From 1d4803c31abbef53c6104d81f4aa95db38308299 Mon Sep 17 00:00:00 2001
From: Matt-Yorkley <9029026+Matt-Yorkley@users.noreply.github.com>
Date: Wed, 12 Jan 2022 22:40:04 +0000
Subject: [PATCH] Whitelist valid step param values

---
 app/controllers/split_checkout_controller.rb | 8 +++++++-
 1 file changed, 7 insertions(+), 1 deletion(-)

diff --git a/app/controllers/split_checkout_controller.rb b/app/controllers/split_checkout_controller.rb
index 6ff7c24188..25775745f0 100644
--- a/app/controllers/split_checkout_controller.rb
+++ b/app/controllers/split_checkout_controller.rb
@@ -53,7 +53,8 @@ class SplitCheckoutController < ::BaseController
 
     @order.select_shipping_method(params[:shipping_method_id])

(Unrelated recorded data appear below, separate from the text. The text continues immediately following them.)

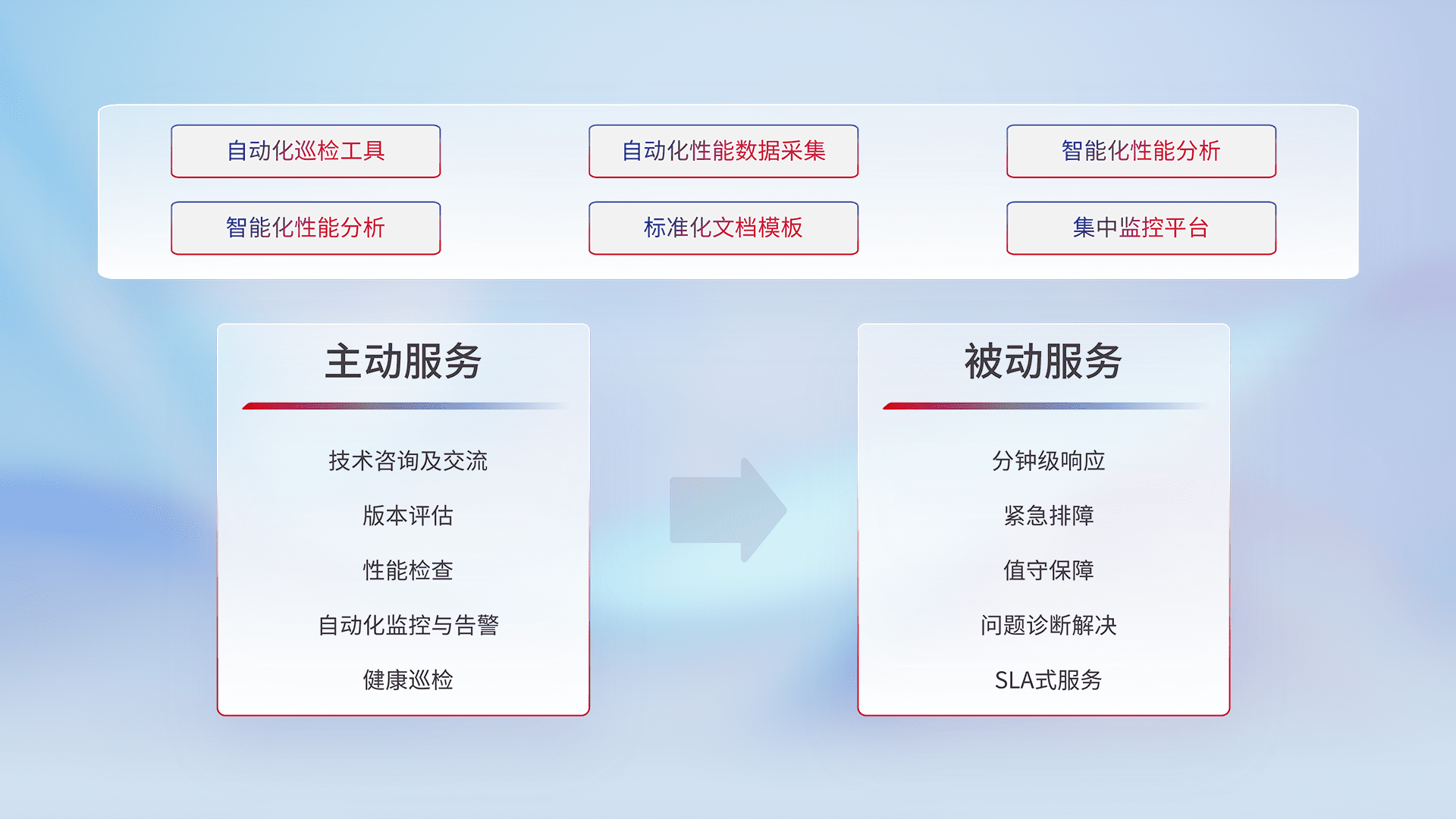智能化工具和标准化文档,,,,保障服务质量,,,,提供主动服务(包含技术咨询、、版本评估、、性能检查、、、自动化监控与告警、、、、健康巡检)和被动服务包含(分钟级响应、、紧急排障、、值守保障、、、问题诊断解决、、、SLA服务)。。。。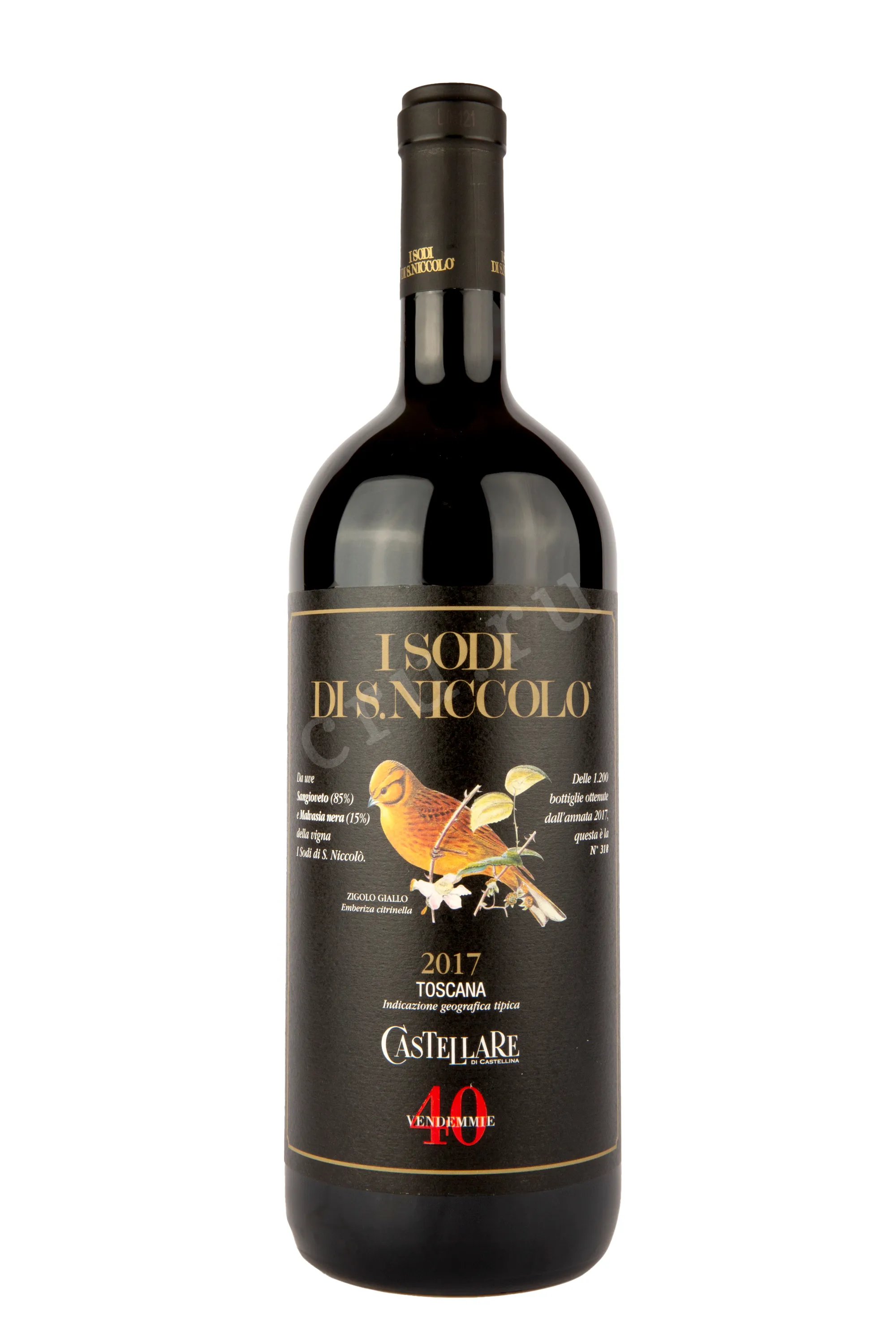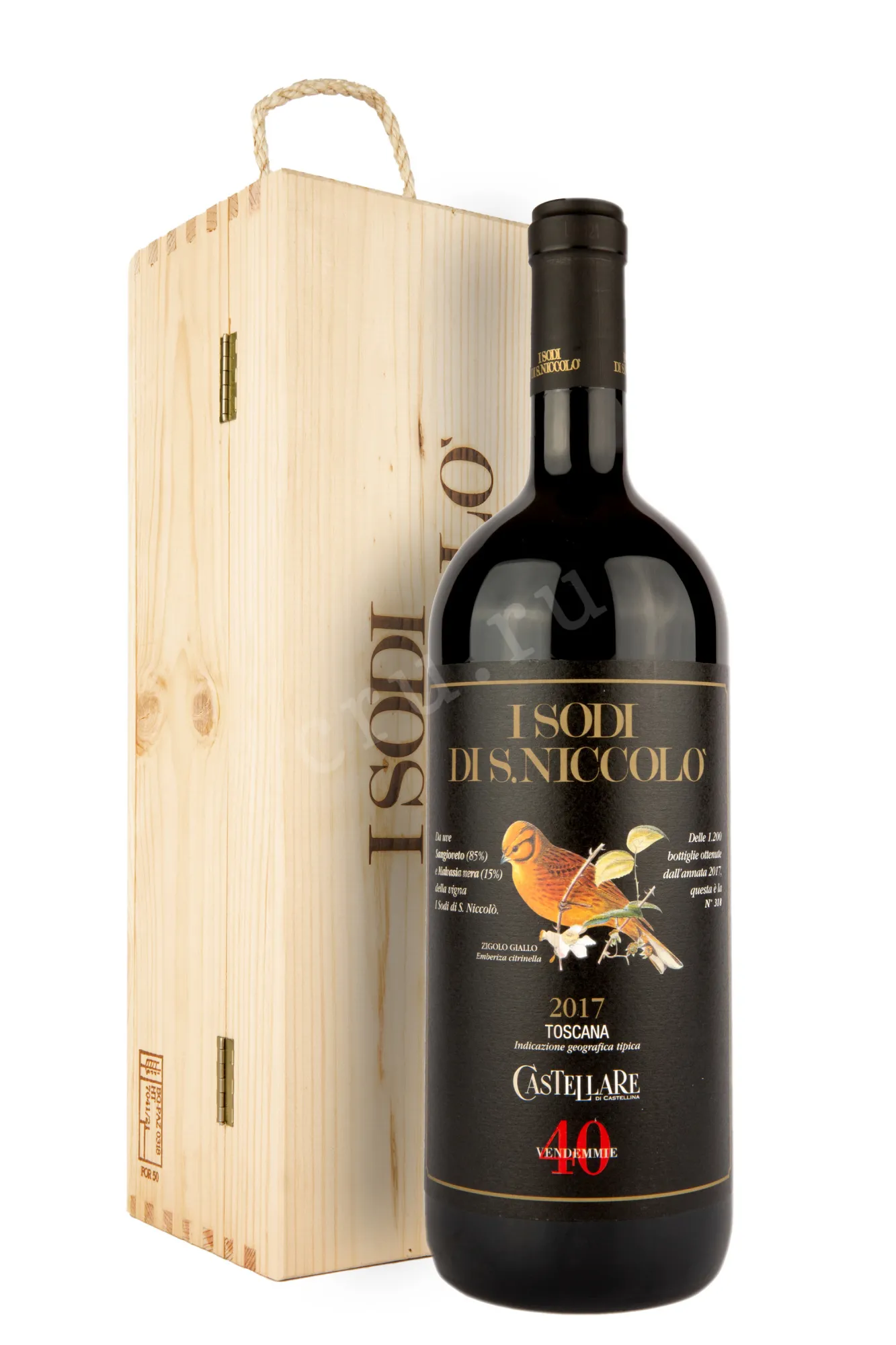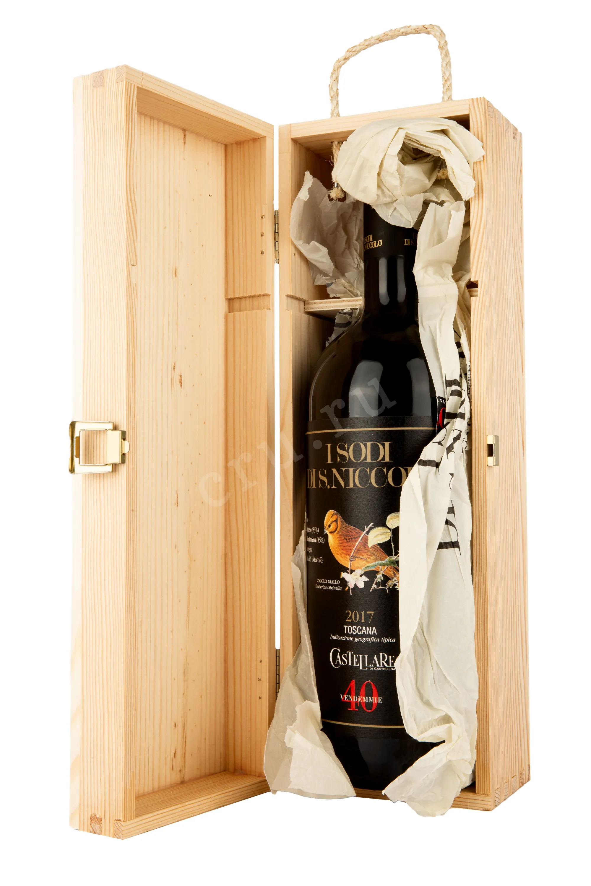 Вино Castellare I Sodi di San Nicolo in gift box 2017 г. выпущено в паре с солидным деревянным ящичком, который оснащен тканевой ручкой для удобной транспортировки. 14-градусный высококачественный напиток Италии содержит виноград одного года сбора с угодий лучших частей Тосканы (высота расположения от 350 до 400 м над уровнем моря), образованных минеральными, известняковыми и глинистыми породами. Все этапы изготовления осуществились с применением ручного труда, в том числе сбраживание и выдержка сроком 24-30 месяцев в новых и старых французских дубовых бочонках. После розлива вино крепостью 13,5 градуса еще год дозревало в стекле. Его потенциал к хранению составляет как минимум 20 лет.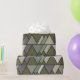Este papel envolvente tiene un diseño moderno de mediados de siglo de triángulos superpuestos que se ejecutan horizontalmente en colores de camo.

     @order.update(order_params)
-    send("validate_#{params[:step]}!")
+
+    validate_current_step!
 
     @order.errors.empty?
   end
@@ -68,6 +69,11 @@ class SplitCheckoutController < ::BaseController
     OrderWorkflow.new(@order).advance_checkout(raw_params.slice(:shipping_method_id))
   end
 
+  def validate_current_step!
+    step = params[:step].tap{ |step| ["details", "payment", "summary"].include? step }
+    send("validate_#{step}!")
+  end
+
   def validate_details!
     return true if params[:shipping_method_id].present?